Render the TopMark preamble lines for the current processor.

The preamble consists of

1) the block comment opener (when configured), 2) the TOPMARK_START_MARKER directive line, and 3) an intentional blank line following the start marker.

Parameters:

Name Type Description Default
newline_style str

Newline characters to append to each rendered line.

required
block_prefix str | None

Optional override for the block prefix; defaults to the instance's block_prefix when None.

None
line_prefix str | None

Optional override for the line prefix; defaults to the instance's line_prefix when None.

None
line_suffix str | None

Optional override for the line suffix; defaults to the instance's line_suffix when None.

None
header_indent str

The indentation applied before the comment prefix; used to preserve existing leading indentation when replacing an indented header block inside a document (e.g., nested JSONC).

''

Returns:

Type Description
list[str]

Preamble lines (each ending with newline_style) that precede the header fields.

Source code in src/topmark/processors/base.py
def render_preamble_lines(
    self,
    *,
    newline_style: str,
    block_prefix: str | None = None,
    line_prefix: str | None = None,
    line_suffix: str | None = None,
    header_indent: str = "",
) -> list[str]:
    """Render the TopMark preamble lines for the current processor.

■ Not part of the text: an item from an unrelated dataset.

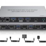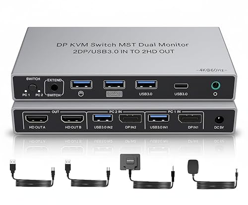 デュアルモニター対応のKVMスイッチ。2コンピューターを4K 60Hzで接続し、USB 3.0ポートで周辺機器も共有可能。1セットでキーボード、マウス、プリンターが利用できます。

    The preamble consists of:
      1) the block comment opener (when configured),
      2) the ``TOPMARK_START_MARKER`` directive line, and
      3) an intentional blank line following the start marker.

    Args:
        newline_style: Newline characters to append to each rendered line.
        block_prefix: Optional override for the block prefix; defaults to
            the instance's ``block_prefix`` when ``None``.
        line_prefix: Optional override for the line prefix; defaults to
            the instance's ``line_prefix`` when ``None``.
        line_suffix: Optional override for the line suffix; defaults to
            the instance's ``line_suffix`` when ``None``.
        header_indent: The indentation applied *before* the comment prefix; used
            to preserve existing leading indentation when replacing an indented
            header block inside a document (e.g., nested JSONC).

    Returns:
        Preamble lines (each ending with ``newline_style``) that precede the header fields.
    """
    bp: str = self.block_prefix if block_prefix is None else block_prefix
    lines: list[str] = []
    if bp:
        lines.append(header_indent + bp + newline_style)
    lines.append(
        self._wrap_line(
            TOPMARK_START_MARKER,
            newline_style=newline_style,
            line_prefix=line_prefix,
            line_suffix=line_suffix,
            header_indent=header_indent,
            after_prefix_indent="",
        )
    )
    # Empty line after start marker
    lines.append(
        self._wrap_line(
            "",
            newline_style=newline_style,
            line_prefix=line_prefix,
            line_suffix=line_suffix,
            header_indent=header_indent,
            after_prefix_indent="",
        )
    )
    return lines

render_postamble_lines

render_postamble_lines(
    *,
    newline_style,
    block_suffix=None,
    line_prefix=None,
    line_suffix=None,
    header_indent="",
)

Render the TopMark postamble lines for the current processor.

The postamble consists of

1) an intentional blank line before the end marker, 2) the TOPMARK_END_MARKER directive line, and 3) the block comment closer (when configured).

Parameters:

Name Type Description Default
newline_style str

Newline characters to append to each rendered line.

required
block_suffix str | None

Optional override for the block suffix; defaults to the instance's block_suffix when None.

None
line_prefix str | None

Optional override for the line prefix; defaults to the instance's line_prefix when None.

None
line_suffix str | None

Optional override for the line suffix; defaults to the instance's line_suffix when None.

None
header_indent str

The indentation applied before the comment prefix; used to preserve existing leading indentation when replacing an indented header block inside a document (e.g., nested JSONC).

''

Returns:

Type Description
list[str]

Postamble lines (each ending with newline_style) that follow the header fields.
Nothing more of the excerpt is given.